IELTS name mismatch was reported by many members in this forum earlier and it looks like keeps happening. I believe this should not be a problem for your application. After all, the name is not completely different but just a combined in a different manner.

Immi site as contact form where you can post your queries. Post lodging there is an email to contact. Better try by phone first and meanwhile try contacting IELTS for correction.


----------



## arifhossain (Apr 23, 2016)

i'm from bangladesh. and take IELTS exam last month. in my passport (given name : MD A****** and surname : ho******) but in my IELTS certificate "MD" is missing there it comes with A***** Ho****. is it create any issue for canada immigration?
expect your urgent reply please


----------



## s4sajjadahmad (Jun 11, 2016)

mansoorafzal said:


> Hi,
> 
> Today, I have received my IELTS result. I used Emirates ID (I am living in UAE) as identification for the test. The name on test report form is the one which is on Emirates ID. It is different than the name on Passport.
> My passport has name sections as: Surname, Given Name and Father's Name.
> ...


Hi,
I faced the same issue and trying to aply for immigration but want to first if there wil be no issue if there is name mismatch. Could you please advise if your application accepted.

Thanks,
Sajjad


----------



## asad_18pk (Jun 22, 2016)

Guys, I am facing similar issue in Engineers Australia skill assessment process.
Can anyone tell how they sort out this matter?

regards,
Asad


----------



## engrfarhan2002 (Dec 7, 2016)

*Ielts trf*



asad_18pk said:


> Guys, I am facing similar issue in Engineers Australia skill assessment process.
> Can anyone tell how they sort out this matter?
> 
> regards,
> Asad


Asad could you please share, is it any issue for mismatching the name in Australia engineering immigration of went through without any issue i have also same issue.
Please let me know at your earliest.


----------



## Omeraqeel88 (Dec 24, 2020)

mansoorafzal said:


> Hi,
> 
> Today, I have received my IELTS result. I used Emirates ID (I am living in UAE) as identification for the test. The name on test report form is the one which is on Emirates ID. It is different than the name on Passport.
> My passport has name sections as: Surname, Given Name and Father's Name.
> ...


Hi Mansour,
You posted this few years back. I am facing same issue. Can you please tell if it was accepted by Australian immigration with same name or you managed to get it changed?


----------



## mustafa01 (Jan 29, 2017)

Omeraqeel88 said:


> Hi Mansour,
> You posted this few years back. I am facing same issue. Can you please tell if it was accepted by Australian immigration with same name or you managed to get it changed?

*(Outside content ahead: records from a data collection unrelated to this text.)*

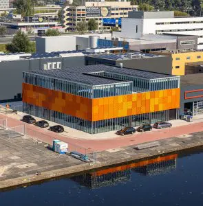“Het was een lastige maar leuke puzzel” zegt Sebastiaan Jansen architect en partner bij KOW. De vraag was simpel: maximaal open maar ook parkeerplaatsen huisvesten op eigen terrein. We hebben onszelf uitgedaagd om nét even anders na te denken bij deze opgave. Door het anders stapelen van functies ontstond maximale transparantie en openheid op maaiveld. Hierdoor is het parkeren en de opslag naar de 1e verdieping verhuisd. Middels een hellingbaan komen de auto’s op een afgeschermd parkeerdek. Op de tweede verdieping is kantoorruimte gerealiseerd rondom een dakterras met uitzicht over de naastgelegen haven en de Amsterdam Arena.
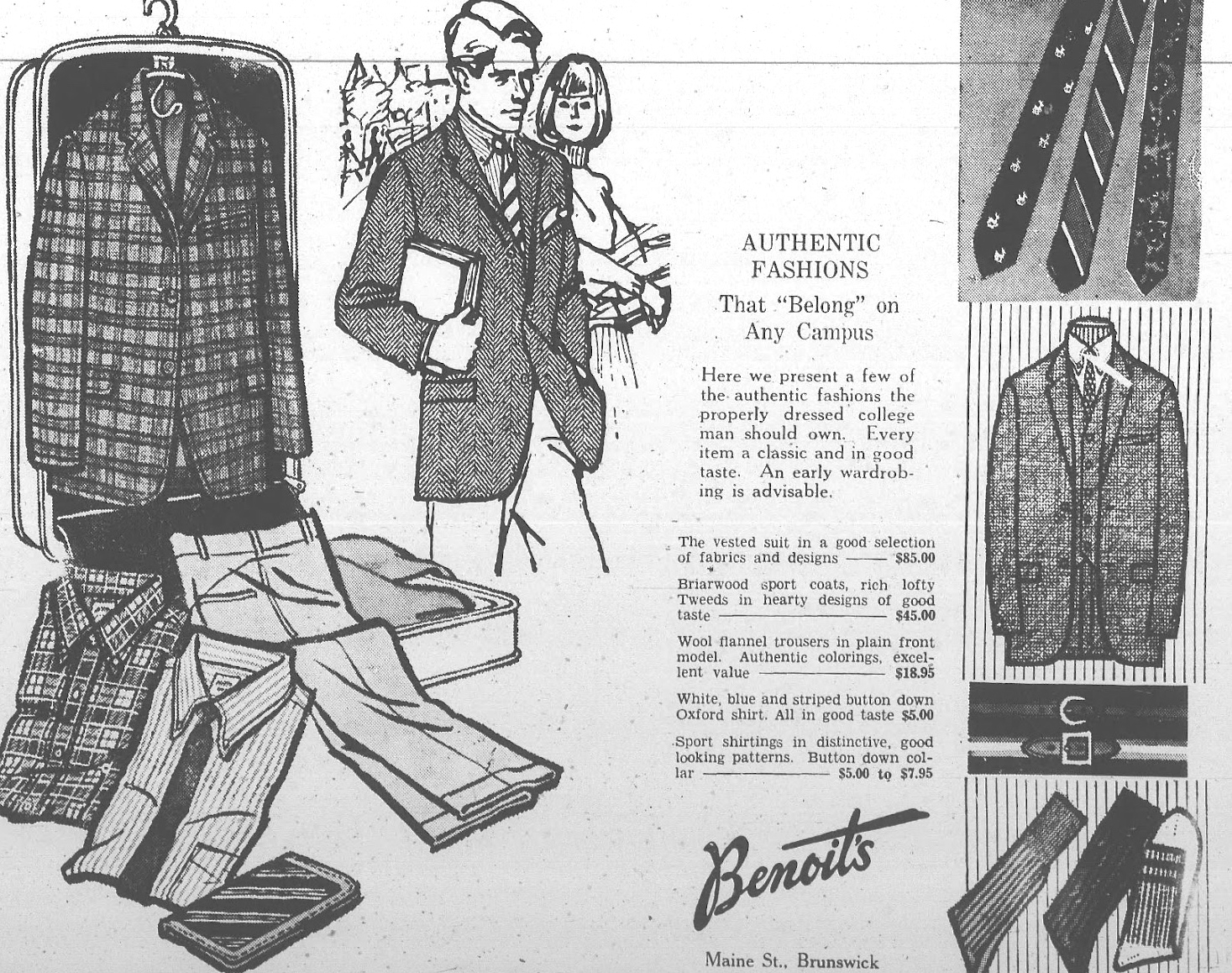 One of the non-rowing blogs that I read regularly is Ivy Style. New York City based ‘Founder and Editor-in-Chief’ Christian Chensvold writes about ‘Ivy League’ clothing, a style of dress that I am particularly fond of. It dominated American fashion from the post-war period until the early 1960s and was most famously merchandised by the Brooks Brothers stores. Students going to college after the 1939-1945 War, (many from less wealthy backgrounds but assisted by the ‘G.I. Bill’) adopted what was then thought of as a very casual style of dress but which, by today’s standards, is anything but informal. Trousers (‘pants’) were ex-army flat fronted khakis (‘chinos’) and lace up shoes were abandoned in favour of slip on leather ‘loafers’. Much clothing was originally from Britain but was often reinvented to be made more comfortable – as when shoulder padding was removed in favour of ‘natural shoulders’. Scotland provided jackets in Harris tweed and crew neck sweaters in Shetland wool. Stiff shirts were replaced by ones of comfortable ‘Oxford’ cloth with soft, button down collars. In the late 1950s, nearly three quarters of all suits sold in the U.S. were in the Ivy League style but, with the coming of the 1960s, its popularity with young people died out within a few short years. Freshmen, who started college in 1963, would quite possibly wear a jacket and tie around campus. By the time they graduated, there was a good chance that they would be wearing jeans and T-shirts.
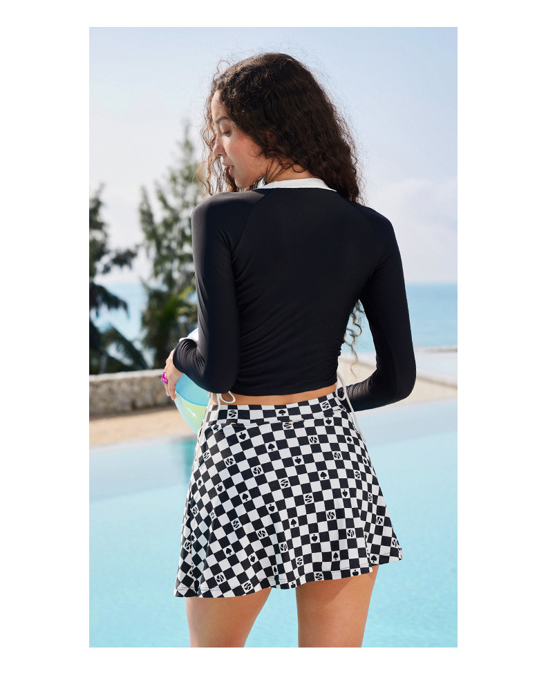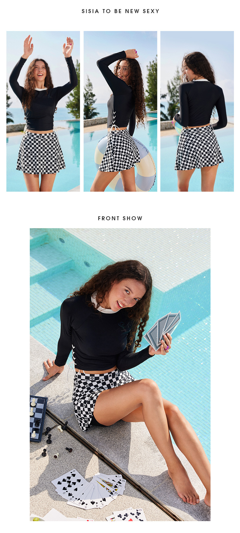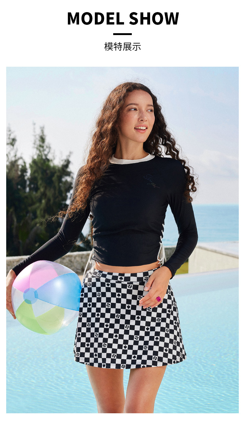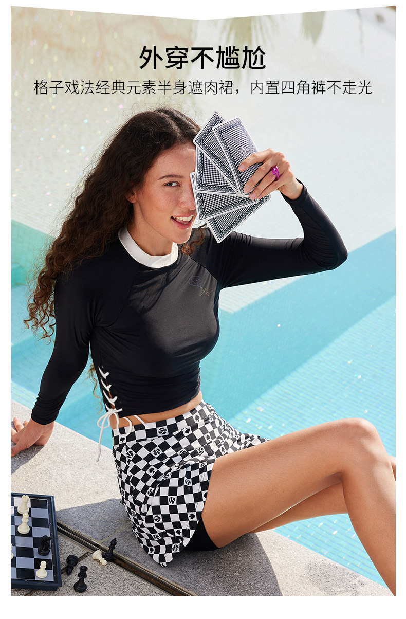 sisia2023新款泳衣女海岛度假长袖防晒时尚性感温泉裙式分体泳衣
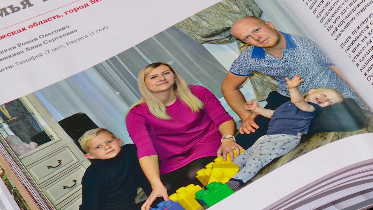 На страницах этой памятной книги - истории всех семей-победительниц. На 70-й - рассказ о Тришкиных. Анна и Роман познакомились еще студентами. Он - будущий педагог, она - фармацевт. Поженились через полгода знакомства, и вот уже 9 лет счастливы в браке. Супруги говорят, характеры и интересы совпали идеально.
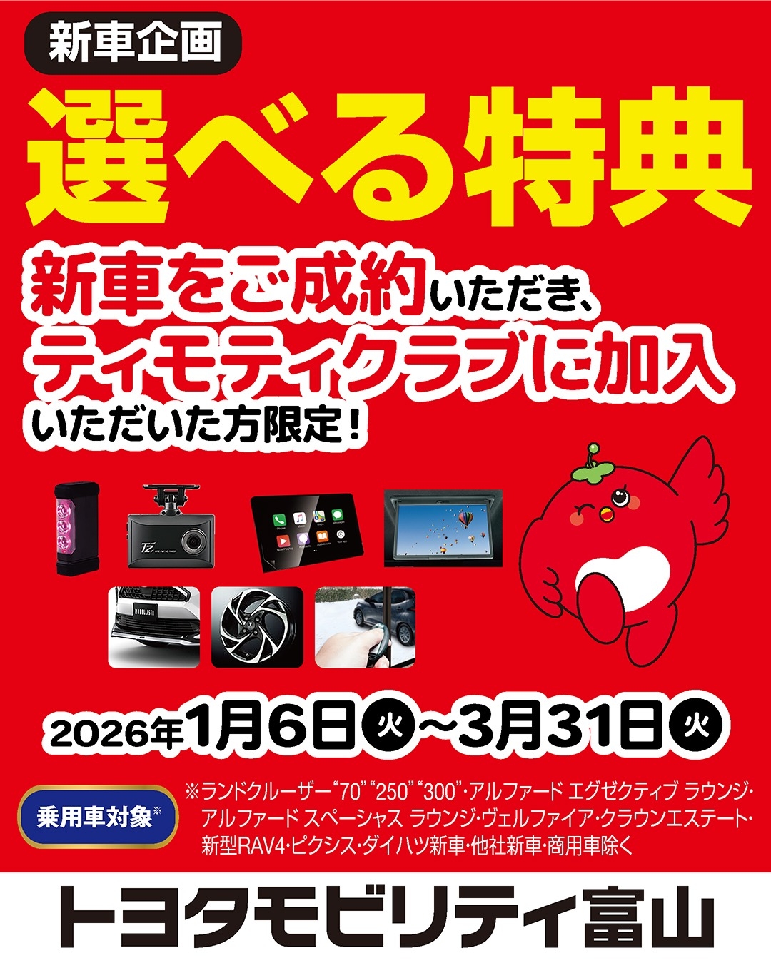 今月も新車企画として3/31(金)の期間中に新車をご成約いただき、
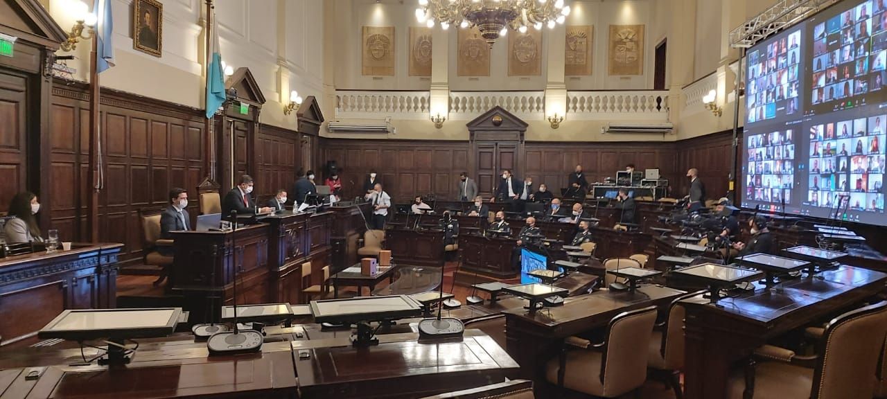 Vacía, así se ve la Legislatura en la previa del discurso de Rodolfo Suarez en la apertura de las sesiones ordinarias. En los últimos días hubo un gran movimiento de personas dedicadas a la parte técnica para garantizar que el acto pueda realizarse de forma virtual y se colocó una enorme pantalla dentro del recinto.
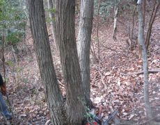 今年も、この時期恒例となっているお連れさんの趣味である?椎茸栽培のお手伝いをしてきました。これまでと同様、原木を調達するためお連れさん所有の里山に入り、木を5本程切ってきました。なお、今回は木を切るだけだったので山行きメンバー3名と愛犬「桃太郎」が参加することとなりました。

I thought IELTS now only accepts passport as a proof of identity and nothing else.


----------



## Omeraqeel88 (Dec 24, 2020)

They are still accepting id cards.
Was your thing sorted?


----------



## inbox2aakash (4 mo ago)

mansoorafzal said:


> Hi, Today, I have received my IELTS result. I used Emirates ID (I am living in UAE) as identification for the test. The name on test report form is the one which is on Emirates ID. It is different than the name on Passport. My passport has name sections as: Surname, Given Name and Father's Name. The names on IELTS TRF are merged as: Given Name = Passport Given Name + Passport Surname Last Name = Passport Father's Name My question is, I have taken the test for Australian Immigration. Will this name difference be a problem in future during visa processing? If yes, how can I rectify it? I tried to search a lot about this but didn't find any answer  Thanks in advance.


 Did i create any problem or everything went well with Emirates Id?


----------